Ray cluster doesn't work, even connected well

I’m trying to cluster two local machines.

<Setup: Success>
head: 192.168.0.21
node: 192.168.0.22

On head machine (@Python)
ray.init(address=‘auto’)

On node machine(@ terminal)
ray start --address=‘192.168.0.21:6379’

Again, on head machine (@Python)

“ray.nodes()” prints

[
{‘NodeID’: ‘f22c89a7bfb82521a5cd58104da454063f9d731ec507f3af6f7410e4’, ‘Alive’: True, ‘NodeManagerAddress’: ‘192.168.0.22’, ‘NodeManagerHostname’: ‘cp22’, ‘NodeManagerPort’: 35225, ‘ObjectManagerPort’: 44411, ‘ObjectStoreSocketName’: ‘/tmp/ray/session_2022-05-28_00-29-38_080158_24534/sockets/plasma_store’, ‘RayletSocketName’: ‘/tmp/ray/session_2022-05-28_00-29-38_080158_24534/sockets/raylet’, ‘MetricsExportPort’: 61799, ‘alive’: True, ‘Resources’: {‘CPU’: 4.0, ‘object_store_memory’: 858294681.0, ‘node:192.168.0.22’: 1.0, ‘memory’: 2002687591.0}},
{‘NodeID’: ‘a3807ff7292d67422155743a6bc78046cc80b5fe0bc0999d370e7308’, ‘Alive’: True, ‘NodeManagerAddress’: ‘192.168.0.21’, ‘NodeManagerHostname’: ‘cp21’, ‘NodeManagerPort’: 43211, ‘ObjectManagerPort’: 39253, ‘ObjectStoreSocketName’: ‘/tmp/ray/session_2022-05-28_00-29-38_080158_24534/sockets/plasma_store’, ‘RayletSocketName’: ‘/tmp/ray/session_2022-05-28_00-29-38_080158_24534/sockets/raylet’, ‘MetricsExportPort’: 44215, ‘alive’: True, ‘Resources’: {‘object_store_memory’: 940081152.0, ‘node:192.168.0.21’: 1.0, ‘CPU’: 4.0, ‘memory’: 1880162304.0}}
]

I can check two nodes are available and also
“ray.cluster_resources()” prints

{‘object_store_memory’: 1798375833.0, ‘CPU’: 8.0, ‘memory’: 3882849895.0, ‘node:192.168.0.22’: 1.0, ‘node:192.168.0.21’: 1.0}

so It seems that setup is well done.

But, when I run the codes for checking cluster runs well which is on documentation of ray.

import time

@ray.remote
def f():
time.sleep(0.01)
return ray._private.services.get_node_ip_address()

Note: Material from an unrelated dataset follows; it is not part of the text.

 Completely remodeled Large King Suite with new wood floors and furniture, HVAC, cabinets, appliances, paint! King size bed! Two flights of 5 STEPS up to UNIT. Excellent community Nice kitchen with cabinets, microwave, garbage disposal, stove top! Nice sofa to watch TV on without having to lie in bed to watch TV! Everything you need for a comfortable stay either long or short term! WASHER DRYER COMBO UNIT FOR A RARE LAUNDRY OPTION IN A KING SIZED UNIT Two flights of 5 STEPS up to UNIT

set(ray.get([f.remote() for _ in range(1000)]))

prints “{‘192.168.0.21’}”

I got the results that only head(192.168.0.21) run, except node(192.168.0.22).
Is there something that I’m missing?

@Tae_Hyun_Jo Ray will reuse the worker, so for your case, all f.remote() is running in the same node.

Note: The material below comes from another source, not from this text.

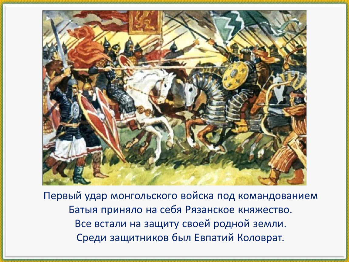 Первый удар монгольского войска под командованием Батыя приняло на себя Рязанское княжество.

The scheduling policy is not optimized for balancing the loads, but for performance.

I saw you have 4 cpus per node. So one think you can try is to:

  1. start two actors each with 4 cpus so that it will be forced to be distributed to two nodes
  2. call the remote function in actor to get the node ip.